Best fit for operators with prior human resources, healthcare operations, or franchised service business experience, $150,000 to $275,000 in liquid capital to cover the full FDD Item 7 range plus 12 to 18 months of working capital, and willingness to engage with or operate under the Honor Care Platform. Honorably discharged veterans qualify for a 20% franchise fee discount, bringing the $54,000 fee to $43,200. The demographic tailwind is legitimate and durable: approximately 10,000 Americans turn 65 every day through 2030, and home care demand is projected to grow well above GDP. Territory availability remains meaningful in secondary markets, though prime urban and high-income suburban ZIPs are typically taken. Not a good fit for first-time franchisees seeking a semi-absentee model (caregiver recruitment and retention is hands-on HR-intensive work that does not delegate cleanly in the first two years), buyers in states with caregiver wage floors already above $18 per hour who do not have clear Medicaid reimbursement visibility in their target market, or operators who decline to sign the Honor Care Platform Joint Service Agreement and therefore may not access the Item 19 earnings performance the most recent FDD discloses.

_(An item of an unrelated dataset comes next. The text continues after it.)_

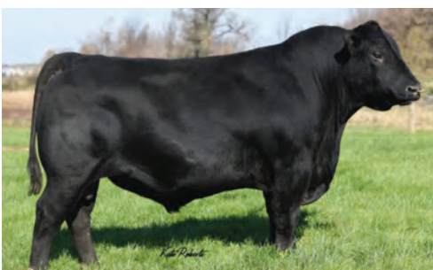
MAF Tanker 23 Sire of lot 24

Before signing, model your unit economics on 2026 and 2027 wage scenarios, read the Joint Service Agreement and any Visionary Investment Program Addendum with counsel, and speak to Independent Association of Home Instead Franchisees members in your region as well as franchisees Honor refers you to.

This analysis reflects patterns visible in the Home Instead 2025 FDD, Independent Association of Home Instead Franchisees published materials, Home Health Care News reporting, and US District Court public filings. Your specific deal terms, protected territory, Care Platform election, and Joint Service Agreement or Full Operations Model addenda are not publicly disclosed. Have our AI FDD Analyzer review your specific franchise agreement for deal-level red flags.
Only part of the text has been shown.